I think we can “teach what is good” without resorting to slander or even emphasis on what anyone has done in the past that was wrong. We all have made mistakes. The emphasis in teaching to avoid mistakes should be on teaching to do that which is pleasing in God’s sight. If children are busy doing their jobs in life and focusing on their families and God, they will be more likely to live as their grandmothers want them to live than if they are focused on all that they can do wrong.
Our reputation should be for reflecting the love we receive in Christ to our children and grandchildren so that they, too, will walk hand-in-hand with Him as they do with their mothers. Practically, we should tell stories full of love, laughter, joy, and Christ-like behavior so that the children see their parents (and the husband his wife) as the crowns they were to their own grandparents.
My Granny Jackson’s home was my sanctuary.

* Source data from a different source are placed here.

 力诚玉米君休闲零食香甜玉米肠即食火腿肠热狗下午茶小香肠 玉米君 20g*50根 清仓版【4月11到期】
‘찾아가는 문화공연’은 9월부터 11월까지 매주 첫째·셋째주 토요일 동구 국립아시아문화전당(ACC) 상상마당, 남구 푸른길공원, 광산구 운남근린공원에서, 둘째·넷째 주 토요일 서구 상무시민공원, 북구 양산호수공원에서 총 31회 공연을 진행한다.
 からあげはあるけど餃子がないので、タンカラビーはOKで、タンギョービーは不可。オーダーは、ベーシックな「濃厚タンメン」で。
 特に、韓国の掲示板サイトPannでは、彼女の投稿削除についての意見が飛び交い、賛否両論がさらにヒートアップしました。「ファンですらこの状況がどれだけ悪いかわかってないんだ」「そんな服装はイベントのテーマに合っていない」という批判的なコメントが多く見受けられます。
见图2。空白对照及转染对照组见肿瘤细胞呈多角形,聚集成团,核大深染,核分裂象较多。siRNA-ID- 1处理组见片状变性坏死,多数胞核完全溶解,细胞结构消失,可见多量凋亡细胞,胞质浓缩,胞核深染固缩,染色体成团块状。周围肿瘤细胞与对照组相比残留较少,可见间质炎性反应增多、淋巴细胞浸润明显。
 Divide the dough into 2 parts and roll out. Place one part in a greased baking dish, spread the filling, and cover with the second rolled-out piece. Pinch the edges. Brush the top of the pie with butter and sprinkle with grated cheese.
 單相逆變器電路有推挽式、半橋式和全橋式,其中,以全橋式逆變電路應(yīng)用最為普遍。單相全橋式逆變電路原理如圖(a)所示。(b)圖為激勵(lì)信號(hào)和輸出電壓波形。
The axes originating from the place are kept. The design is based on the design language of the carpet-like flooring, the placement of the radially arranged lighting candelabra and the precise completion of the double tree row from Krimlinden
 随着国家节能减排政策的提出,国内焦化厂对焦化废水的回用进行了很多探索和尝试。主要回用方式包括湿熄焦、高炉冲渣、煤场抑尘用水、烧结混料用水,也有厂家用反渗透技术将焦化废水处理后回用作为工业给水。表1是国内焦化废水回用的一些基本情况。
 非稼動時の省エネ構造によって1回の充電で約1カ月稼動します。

There was much she could have told me that would have truthfully put my mother in an unfavorable light, but the only negative words I ever heard her speak about either of my parents was referring to them both after Mother had given birth to their seventh child in ten years: “I am afraid Jim and Nell are going to have more children than they can support.”
I am evermore grateful to my grandmother that every minute of the time she and I spent together was filled with her love for me and her teaching me of all that is good. She loved the Lord and reflected that in her love of family. She remains my role model for how to be a grandmother. And she is remembered with a deep and abiding love. I hope that the unkind, unwise grandmothers mentioned at Abel House might realize what they are doing and seek guidance from the Lord to become grandmothers with a legacy of love.